Замысел продолжить повествование о Передонове, по-видимому, существовал и в 1920-е годы[878]. В беседах с разными людьми Сологуб высказывал весьма критические суждения по поводу своего «классического» произведения. В разговоре с П. Н. Медведевым, например, он заметил: «Это — слабая вещь. Сумасшествие Передонова превращает весь роман в анекдот»[879].
Очередное возрождение героя должно было состояться на страницах новой редакции «Мелкого беса», о чем, в надежде на переиздание своих сочинений, Сологуб сообщал в письме В. В. Вересаеву 8 сентября 1927 года: «Роман „Мелкий бес“ будет представлен в совершенно новой редакции, с прослойками из детства, отрочества и юности Передонова и из его будущей судьбы и карьеры дореволюционного администратора»[880].
Этот замысел не осуществился. В конце 1925 года Сологуб тяжело заболел. Возможно, предложение выпустить роман в новой редакции было всего лишь намерением, под которое можно было бы получить аванс, столь необходимый больному писателю. Последнее упоминание о Передонове сохранилось в стихотворении «Успокоительная зелень…» (1926), в котором образ был переосмыслен с учетом исторических перемен, происшедших в России[881].
Успокоительная зелень
Травы и зыблемых ветвей!
Но я устал теперь, и мне лень
Идти далеко от людей.
Людьми весь город обмурашен,
Которые скопились здесь.
Иду в него, но он мне страшен,
И отвратителен он весь.
Бесстыдно он опролетарен,
Полуразрушен, грязен, груб.
В веках жестокий век подарен
Тебе, плененный Сологуб!
Но все ж ликуй: вот Навьи Чары,
Тяжелых снов больной угар, —
Ты эти предсказал кошмары,
Где Передонов — комиссар!
3 (16) июля 1926
Внутренние и внешние границы текста не всегда совпадают. Герой Сологуба был глубоко и интимно автобиографичен и потому мог закончить свой «жизненный» путь только вместе со своим создателем. Возможно, еще и по этой причине автор «Мелкого беса» ни в одном издании своего романа не поставил дату его окончания, зафиксированную в рукописи, — она относилась именно к конкретной рукописи и не имела отношения к внутренней жизни текста, протекавшей в душе художника.
ГЛАВА ДЕСЯТАЯ
Post Factum: «Человек большого страдания»

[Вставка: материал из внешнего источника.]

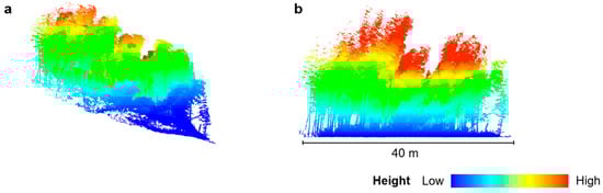 The handheld LiDAR equipment was Green Valley International’s model, the LiGrip-V100 handheld rotary laser scanner (Green Valley, Bejing, China), with specifications shown in Table 2. Given the dense Moso bamboo forest terrain with a certain slope, a LiGrip-V100 handheld rotary laser scanner was employed with a double Z–shaped route to optimize point cloud data acquisition (Figure 2b,c). To maintain data quality, a constant scanning speed was maintained while ensuring equipment stability to prevent rotational movements. The walking speed was maintained between 0.8 and 1.2 m/s depending on the terrain. The cloud profiles of the sample site are illustrated in Figure 3.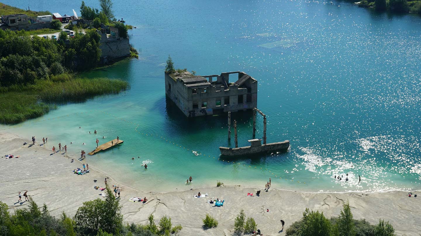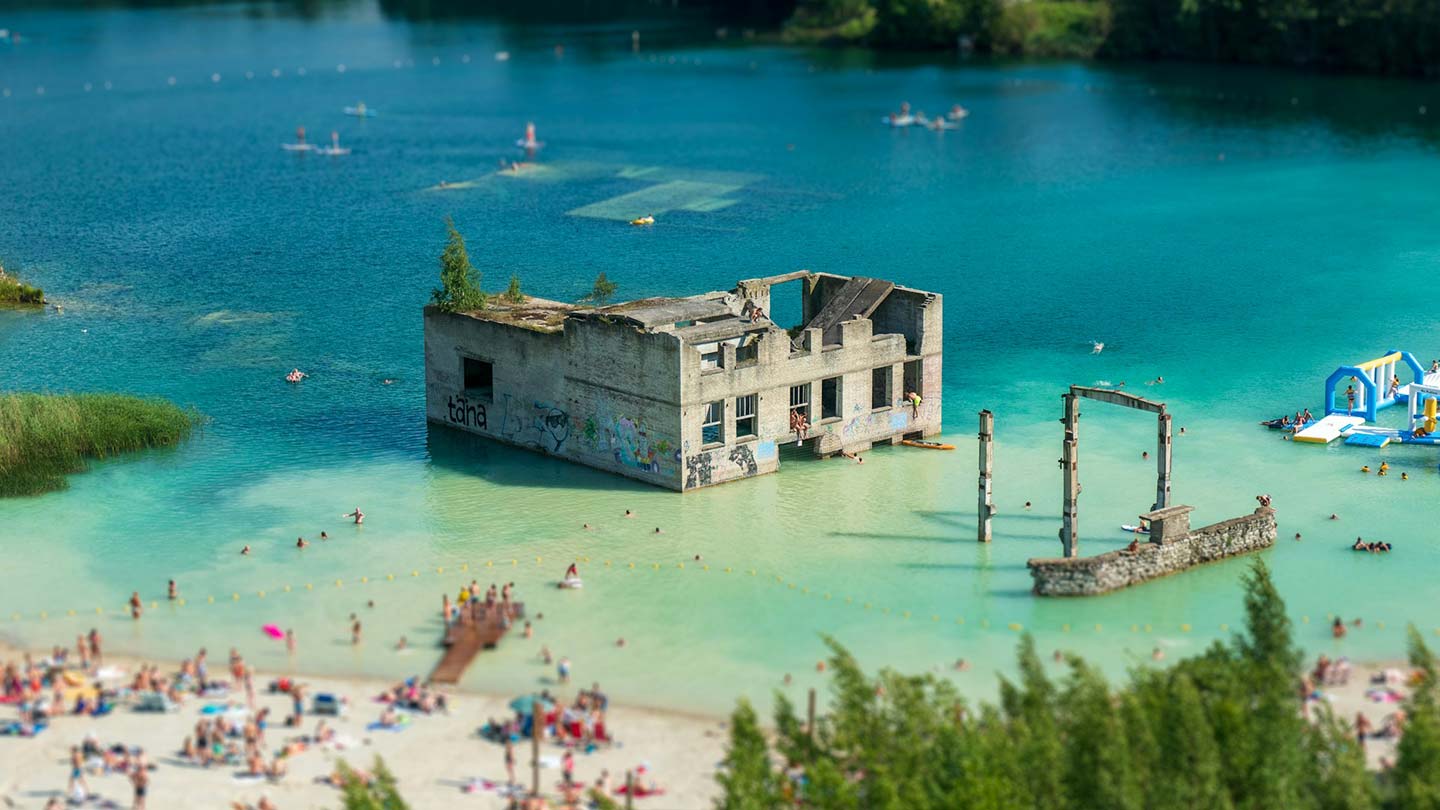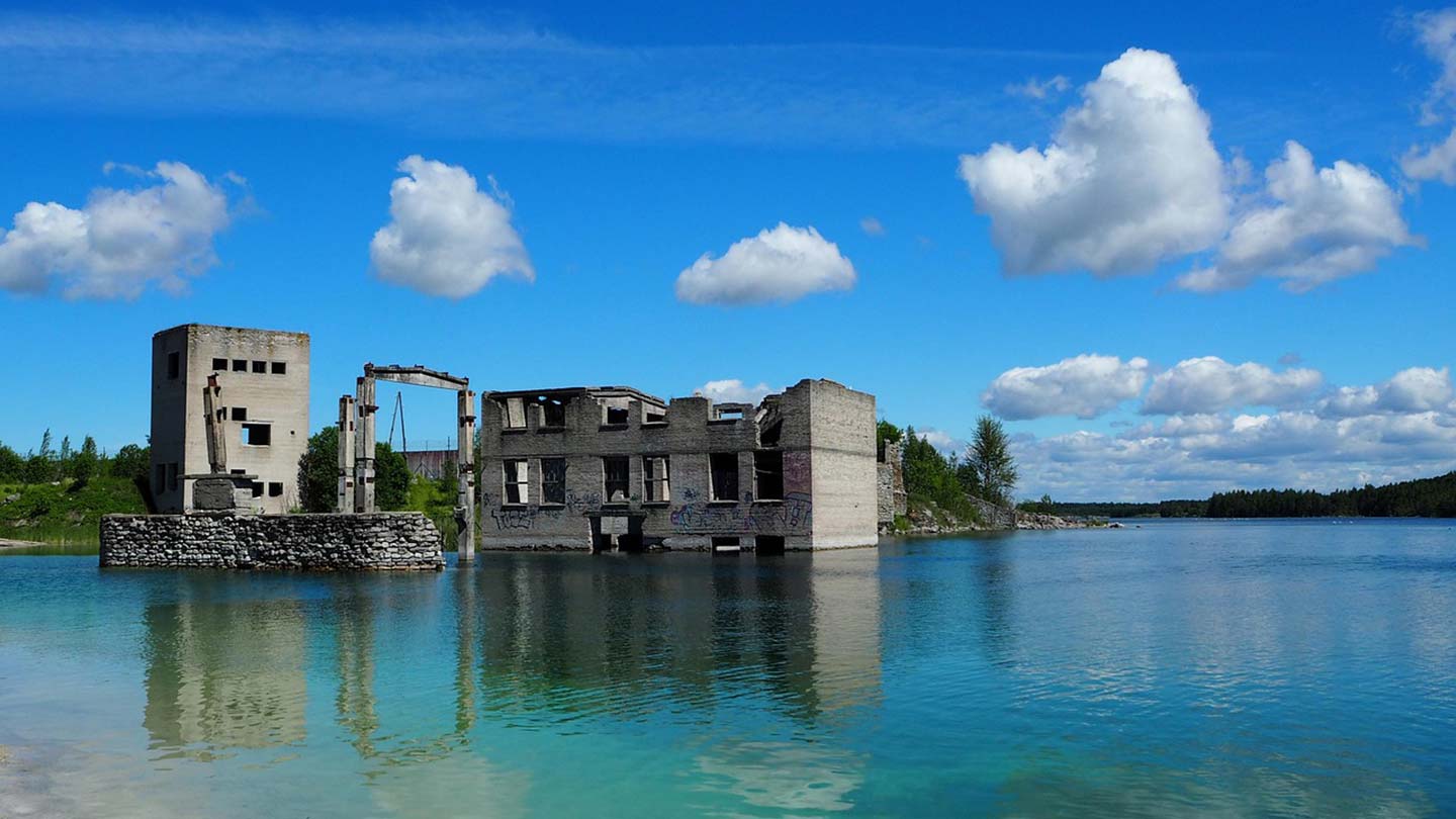 Ett övergivet, gammalt sovjetiskt fängelse vid Rummu stenbrott, omgiven av turkost vatten.

Как ты, создавший Передонова, смел создать его? Чем ты ответишь за него?
З. Гиппиус[882]
Блаженство мне мои страданья…
Федор Сологуб
В прижизненных критических обзорах и статьях о романе «Мелкий бес» весьма нередко приходится сталкиваться с уподоблением Сологуба его мрачному персонажу. Одним из первых о единосущности творца и творения написал А. Горнфельд: «Передонов — есть борьба с передоновщиной, и для тех, кто знаком с литературными признаниями автора, совершенно ясно, где Сологуб ощутил ее больше и всего страшнее: в себе самом. Передонов — это Федор Сологуб, с болезненной страстностью и силой изображенный обличителем того порочного и злого, что он чувствовал в себе. <…> Голгофа есть везде, где есть творчество; однако поистине кровью своего сердца пишет не тот, кто должен говорить дурное о других, но тот, кто самое злое и гнусное для изображения находит не вне, а в сокровенности своего существа»[883]; вслед за ним А. Блок: «Для меня ясно: Федор Сологуб — это осложненный мыслью и дарованием Передонов. Передонов — это Федор Сологуб, с болезненной страстностью и силой изображенный обличителем того порочного и злого, что он чувствовал в себе»[884], затем П. Пильский: «Сологуб ненавидит Передонова, ибо в Передонове много Сологуба. „Мелкий бес“ беспощадная и кровавая борьба Сологуба с сидящей в нем самом передоновщиной»[885]; Вл. Кранихфельд: «…поставить фигуру Передонова во всю ее натуральную величину, обрисовать ее во всех ее деталях мог только писатель, выносивший всю передоновщину в недрах собственного своего существа»[886] и др.
О своем несогласии с критиками автор «Мелкого беса» заявил в предисловии ко второму изданию романа[887]; впоследствии он жаловался: «Это Горнфельд написал статью, что Сологуб — Передонов, а с его легкой руки все так и считают с тех пор»[888].